From the model side. The vendor owns the endpoint. Adding a console that shows your traces, a built-in eval harness, and a routing layer with cost caps is, for Anthropic or OpenAI, a feature that makes their API stickier. They are already in the request path — it terminates on their servers. They see every token by definition. Asking developers to also pipe everything to a third party, so the third party can show them what the vendor can already see, is a sale you have to make against gravity.

From the data side. The trace has to land somewhere, and that somewhere is a columnar analytics database. So the database vendor has the other strong claim. In January, ClickHouse acquired Langfuse, the category’s open-source leader — and the tell is in the architecture: Langfuse was already built on ClickHouse. The observability product was a front end on the database. ClickHouse’s own framing is that it wants to “own… the feedback loop” and “optimize the entire stack together — from data collection through to analysis.” Translated: the layer that mattered was the store, not the dashboard, and the store vendor bought the dashboard rather than let it become a competitor. The general-purpose observability incumbents closed the same gap from the product side — Datadog now ships an AI gateway as an internal routing layer plus built-in LLM-as-a-judge evals, with hallucination and prompt-injection checks, inside the monitoring platform teams already run.

So count the doors. The model vendor ships gateway + traces + evals as a feature of the API. The database vendor owns the place traces live and buys the dashboard. The monitoring incumbent bolts the whole thing onto the platform you already pay for. The independent open-source startup is the only player in the room whose entire business is the wrapper — and it is the only one without an adjacent asset to subsidize it. When the category is being absorbed by analytics platforms and commoditized by model vendors at the same time, the window to find a standalone business closes from both sides before you can get through it.

The counter-thesis, stated plainly

LLMOps is not a company-shaped problem. It is a feature of whoever owns the model endpoint or the trace store. The need is permanent; the independent vendor is not.

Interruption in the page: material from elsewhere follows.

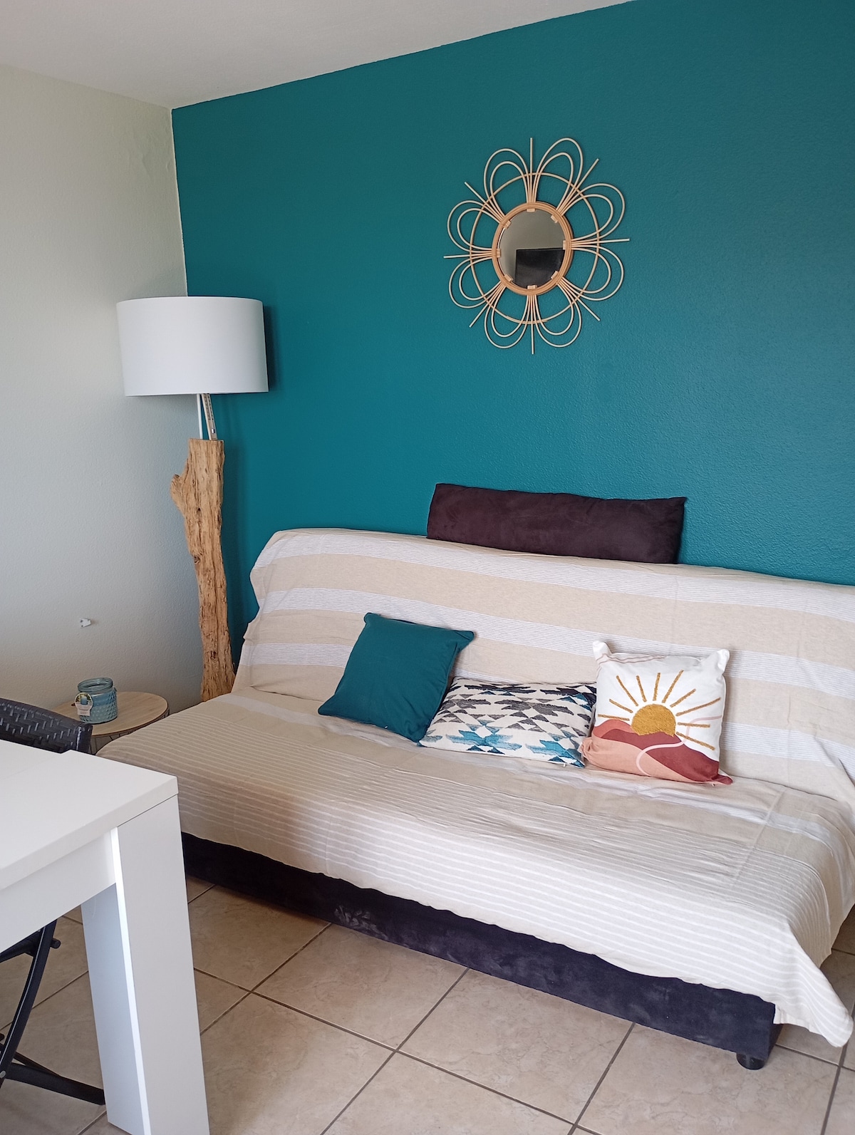 À découvrir à St Pierre-La-Mer, charmant appartement de type 2 bis - 32 m² (4 voyageurs = 1 couple + 2 enfants), terrasse de 10 m² avec vue mer, une cuisine ouverte sur un beau séjour, une chambre avec un lit 140X190, 1 salle d'eau avec douche à l'italienne et un wc. À l'étage, 1 mezzanine avec un convertible 140X190. Pour + de confort, ce bien est équipé de la fibre et d'une place de parking sécurisée dédiée aux voyageurs. Les frais de ménage couvrent la mise à disposition du linge de maison.

This is the same shape we keep finding under different stories. The channel dive argued the moat is the distribution surface, not the model weights. The pricing dive argued the meter is a transition to owning the whole stack. This is the third face of one rule: in this market, value accrues to whoever owns a durable asset adjacent to your product, not to the cleverest thing built on top. The model endpoint is durable. The analytics store is durable. A proxy and a dashboard, however good, are not — because their durability depends on a moat their neighbors can erase for free.

That should change a build-vs-buy decision you might be making this quarter. If you are choosing an LLM observability or gateway tool, the question is not “which independent has the best product today.” It is “which durable platform will this feature live inside in eighteen months.” Bet on the model vendor’s native tools or your existing observability platform’s AI features, not on a standalone whose best case is being acquired by one of them — and whose worst case is the read-only banner TensorZero is wearing now. If you are building in this space, the only defensible position is to own one of the adjacent assets, or to be so deep in one vertical’s workflow that the horizontal platforms do not bother. Thin and horizontal is the trap.

What would prove me wrong

One clean test. If, by mid-2027, a venture-funded independent LLM gateway/observability/eval company reaches a genuinely standalone outcome — an IPO, or a $1B+ valuation while still independent, not an acqui-exit into a model vendor or a data/monitoring platform — then the category supports companies after all, and I was wrong to call it a feature. I don’t think that happens. I think the next two notable outcomes in this space are absorptions or wind-downs, because the asset that matters is never the wrapper.

The most damning line in the whole episode is not that TensorZero ran out of money. It is that it didn’t — it gave money back. A team can win the product and still lose, if the product was always going to be someone else’s feature. That is worth more than a category. It is a warning about which layer to stand on.